Nothing but the lines from the top of the records through the line with "A white background" should be returned, exactly, and without pictures.
+--
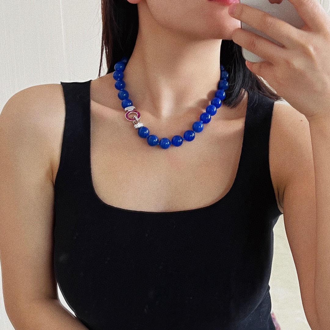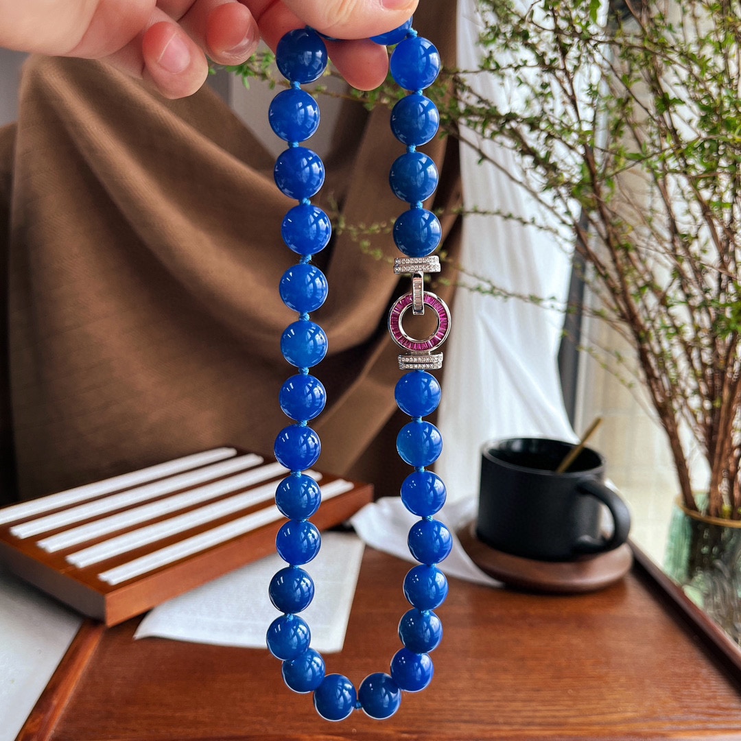 14mm大颗粒深蓝蓝色妖姬蓝玉髓项链 颗颗打结小众
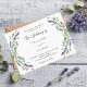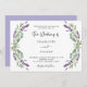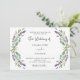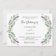 A white background decorated with lavender flowers and eucalyptus greenery. Personalize and your names and details.
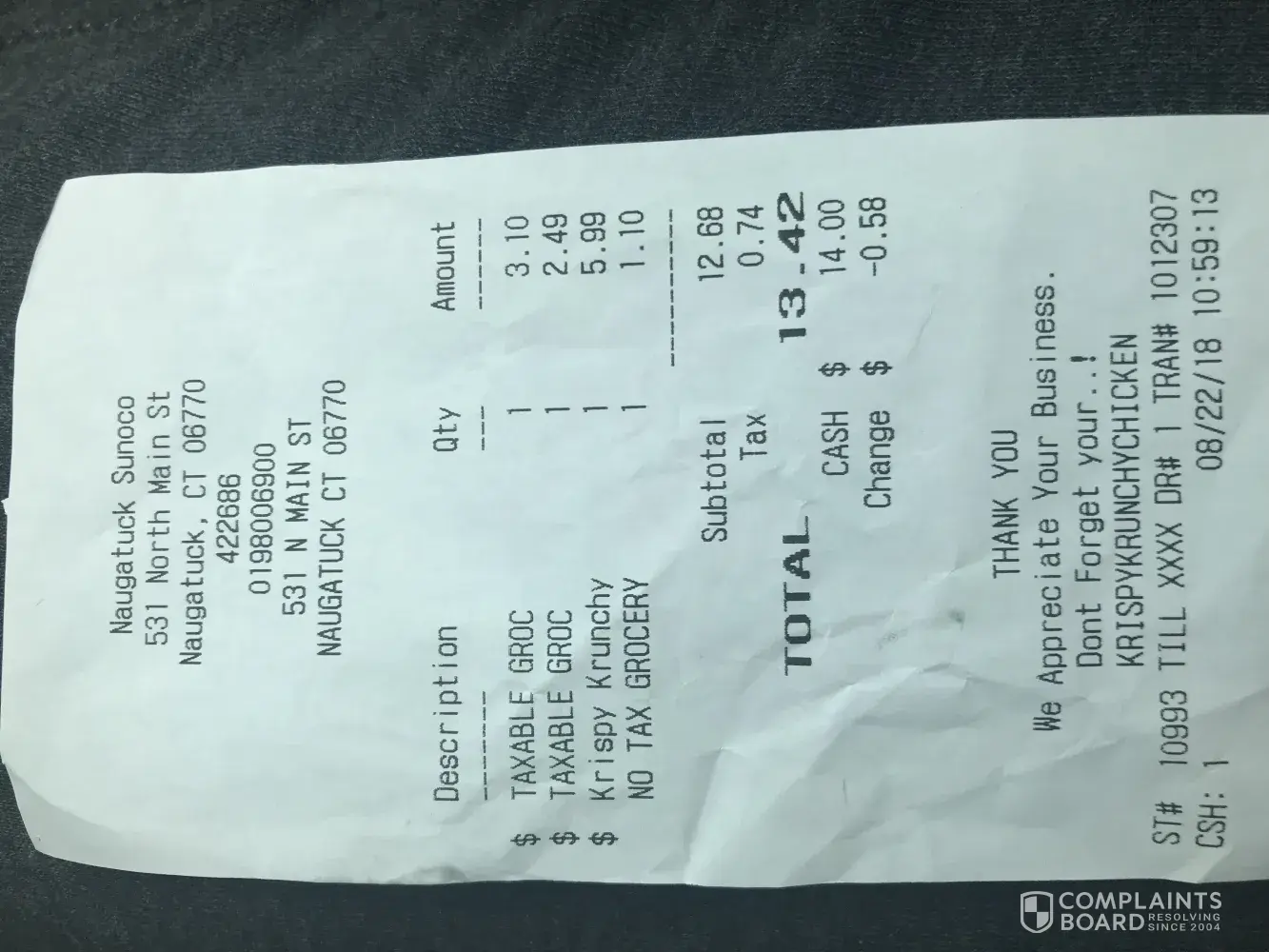 I hope you will find this message in best of your health! Today we visited to Sunoco gas station. We put gas in our car then we bought some stuff (chicken and drinks). The cashier was full time busy on mobile phone and he was not paying attention to our order for even a single second. Due to using mobile he charged us extra. When we figure it out i just asked him to check the receipt again but he was still busy on his call and denied that he didn't charged us extra. When I explained everything and he realized that he is wrong he just misbehaving and just us he don't want to sell anything to us. Attached is the copy of that receipt.
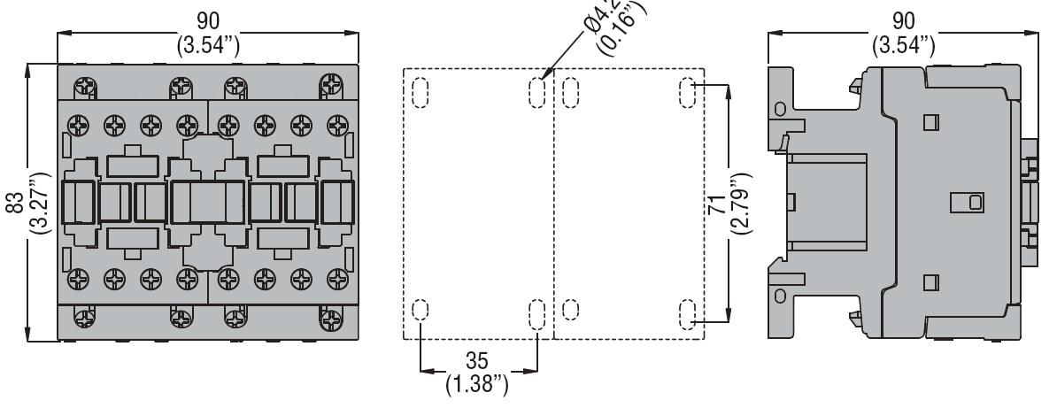 TELEINVERTITORE ASSEMBLATO, BOBINA IN AC, CON INTERBLOCCO MECCANICO ESTERNO E CONNESSIONI RIGIDE, 18A AC3 IN AC, 7,5KW. TENSIONE BOBINA 24VAC 50/60HZ.
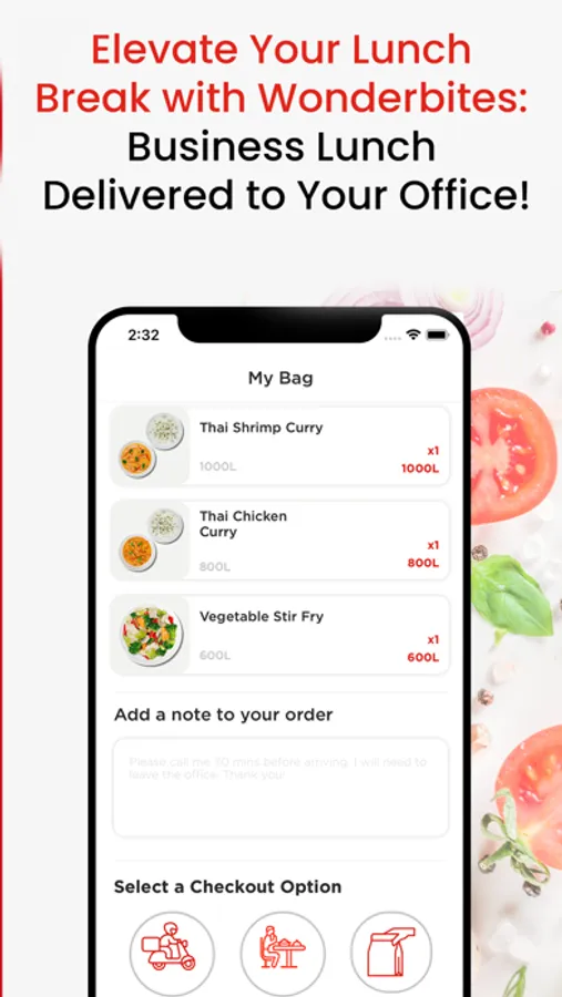 Meal PlanSay goodbye to mundane lunches and embrace a more exciting midday experience. With wonderbites' Business Lunch, you can enjoy gourmet meals, including sushi, pasta, Tex Mex, and Thai delights, delivered straight to your workplace. Elevate your lunch break with a touch of culinary finesse, making every workday something to look forward to.
+--
▸ Response to this exercise:
 14mm大颗粒深蓝蓝色妖姬蓝玉髓项链 颗颗打结小众
 A white background decorated with lavender flowers and eucalyptus greenery. Personalize and your names and details.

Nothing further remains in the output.